# EXERCISE INSTRUCTIONS
An unchanged copy of every record below, without pictures, is the goal.

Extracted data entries
/---

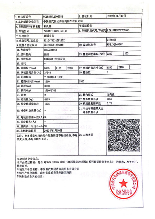 濰柴140馬力國六發(fā)動(dòng)機(jī),法士特8檔帶高低速變速箱,3280軸距,700鋼絲胎,整車尺寸:5995*2100/2250*2500,帶中控,電窗,皮座椅,氣喇叭,全包裹,車鑰匙遠(yuǎn)程遙控玻璃升降,原廠空調(diào)。
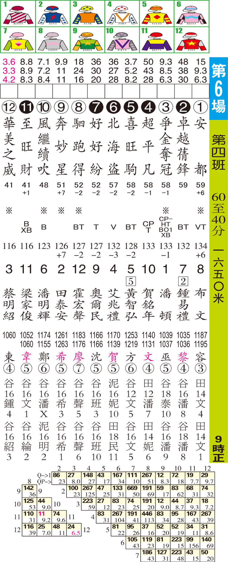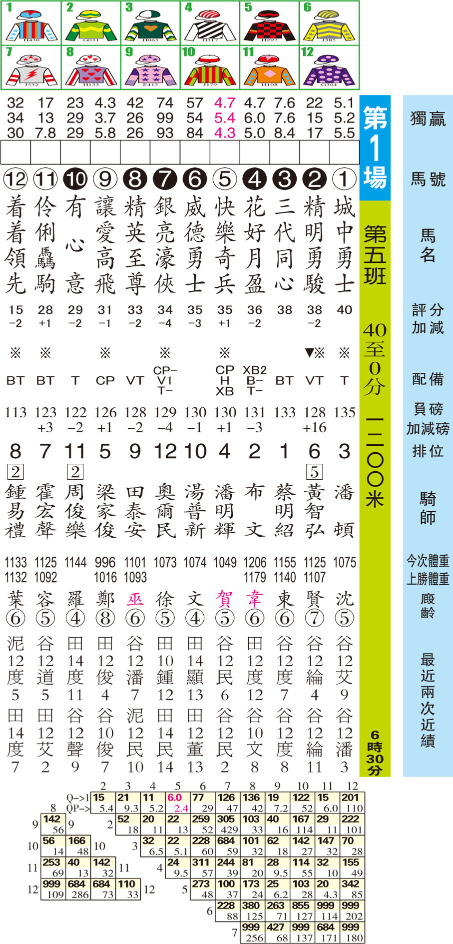 紅色馬名為補入馬匹。紅色騎師名為易配騎師。
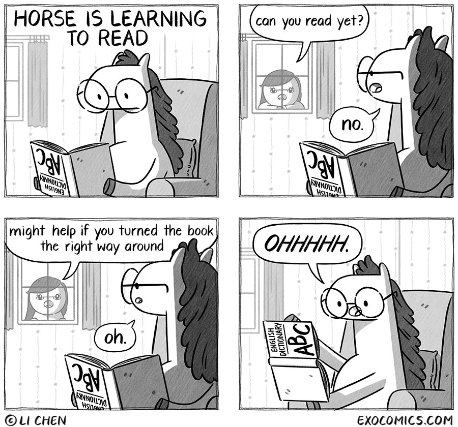 Horse is slowly getting there, 90° at a time.
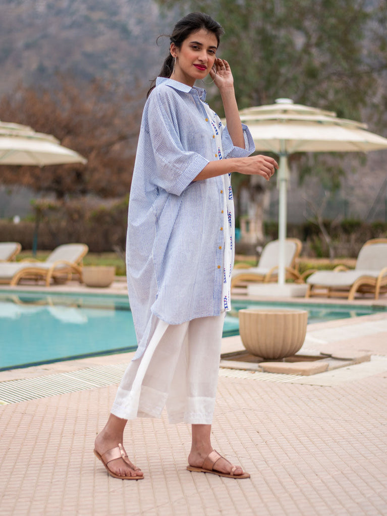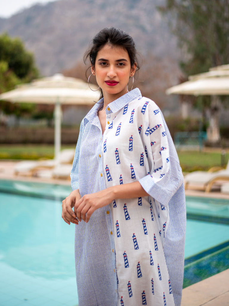 Lighthouse Over-Sized Asymmetrical Cotton Long Shirt
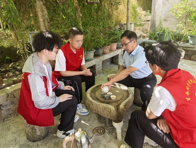 图为实践队队员与高主任讨论如何推动军营村发展。林宸辉摄
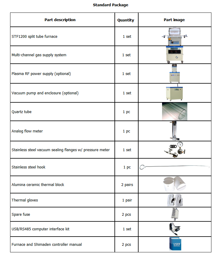 Furnace, vacuum pump and gas mixing system specifications

\---

# WRITTEN RESPONSE
 濰柴140馬力國六發(fā)動(dòng)機(jī),法士特8檔帶高低速變速箱,3280軸距,700鋼絲胎,整車尺寸:5995*2100/2250*2500,帶中控,電窗,皮座椅,氣喇叭,全包裹,車鑰匙遠(yuǎn)程遙控玻璃升降,原廠空調(diào)。
 紅色馬名為補入馬匹。紅色騎師名為易配騎師。
 Horse is slowly getting there, 90° at a time.
 Lighthouse Over-Sized Asymmetrical Cotton Long Shirt
 图为实践队队员与高主任讨论如何推动军营村发展。林宸辉摄
 Furnace, vacuum pump and gas mixing system specifications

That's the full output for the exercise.